Information operations

Baghdad Ten Years Ago – 22 APR 07: DITY Info War


WEEK 23:  Don’t trust anyone to tell the whole story? Start with yourself.

Do It Yourself Information War

“We don’t need another hero
We don’t need to know the way home
All we want is life beyond the thunderdome”

– Tina Turner

So you wanna be an Information War hero and win with one bold key stroke?  I can’t blame you for trying to do it yourself.  As I noted last week, we aren’t getting much help from our fellow US citizens in the US owned media.

Yesterday, a reporter from US News and World Report told me, in her opinion, the US media was convinced the surge is a failure and the war is lost.  tmhteNow, they are just looking for reaffirmation of their preconceived notion.  I agreed with her.

I look forward to reading her articles.
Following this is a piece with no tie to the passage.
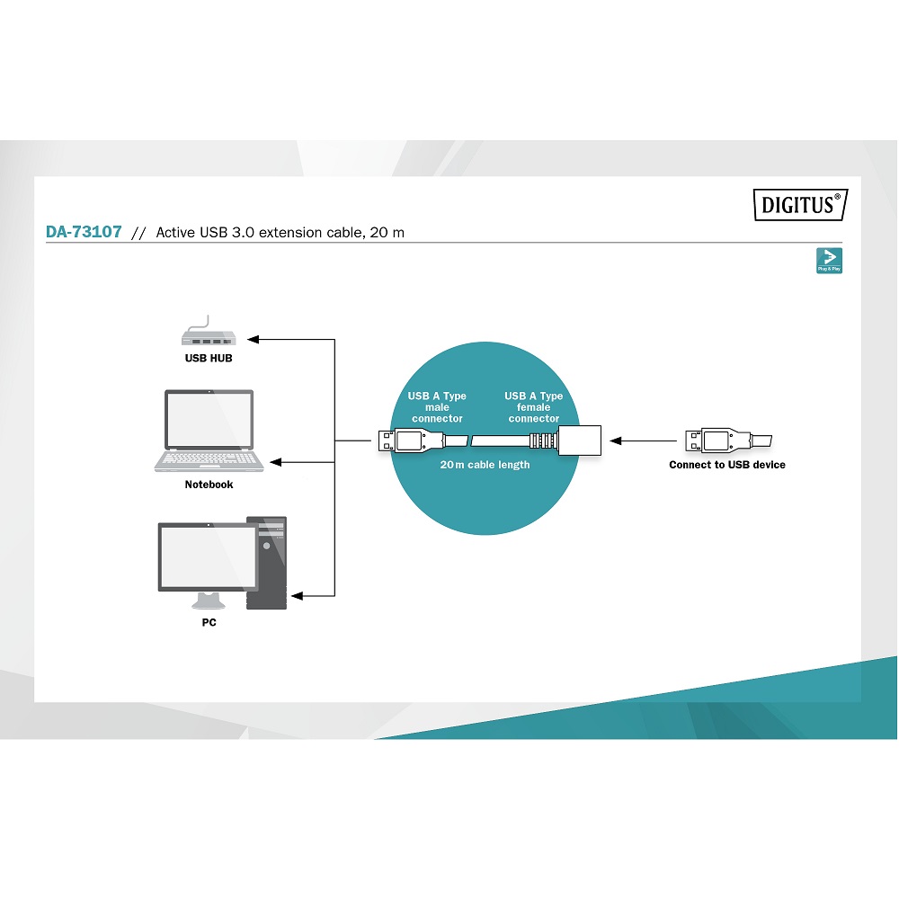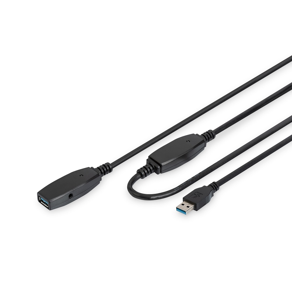 DIGITUS USB 3.0 активен удължителен кабел, M/F, черен, 20.0 м - DA-73107

She was self aware enough of her profession’s attitude to allow for honest journalism.  All I can ask of our media is professionalism and give us the benefit of the doubt.  I don’t think we should be trying to control them.

One of my peers asked me who was in charge of the strategic information war.  He wanted to know who was getting the word back home of the good things we were doing.  The strategic fight technically is the domain of higher headquarters.  We have a contributing effort.  However, the short answer is nobody here is really “in charge” of the strategic information war.

The 1st Cavalry Division Public Affairs (PA) office has been terrific in informing the home front of our overall efforts.  They have a plan for directing our media embeds toward the human interest stories.  Many of our soldiers have been featured in print and television.  The PA has also weighted the embeds and our own press releases towards supporting our efforts in priority:  security and governance.

Nobody is really “in charge” of information.  We have a tough time with the concept, but we cannot control what is reported.  We can influence it through media engagements.  The Public Affairs office has a plan to do this and each of the Brigades has its own PA office and conduits.  The Brigades have the latitude to support when and where they can.  They also have the option of going their own way.

For the Iraqi audience, my office is responsible for framing the Communications Campaign Plan.  However, we have limited ability to execute it.  We have to give the best direction we can while the leaders and units do most of the executing.  Ultimately, we do what we can to stay on message and hope the stray voltage isn’t too distracting from our efforts.

With regards to the overall information war back home, we all need to do our part to inform our friends and family.  Personally, I write letters to any friend or stranger who writes me or send a care package.  Everybody loves the Cavalry Patch stationery.  For the past month, I have also sent a photo to family and friends everyday via e-mail.

I also include a bit of history or culture when possible.  Most of the recipients are fascinated by the city, especially Mansour and Rashid.  They expect a ‘Hell Hole’ and instead see a decent neighborhood with satellites on every roof.  One friend thought Hilla looked like a resort.  Everybody wants to see more of Mesopotamia.  If I had the time, I would do a BLOG.

So what are you doing, Hero, to support the strategic information war?  You can do it by snail mail, e-mail or even BLOG.  If you have access, you can use Army Knowledge On-Line, My Space or You Tube.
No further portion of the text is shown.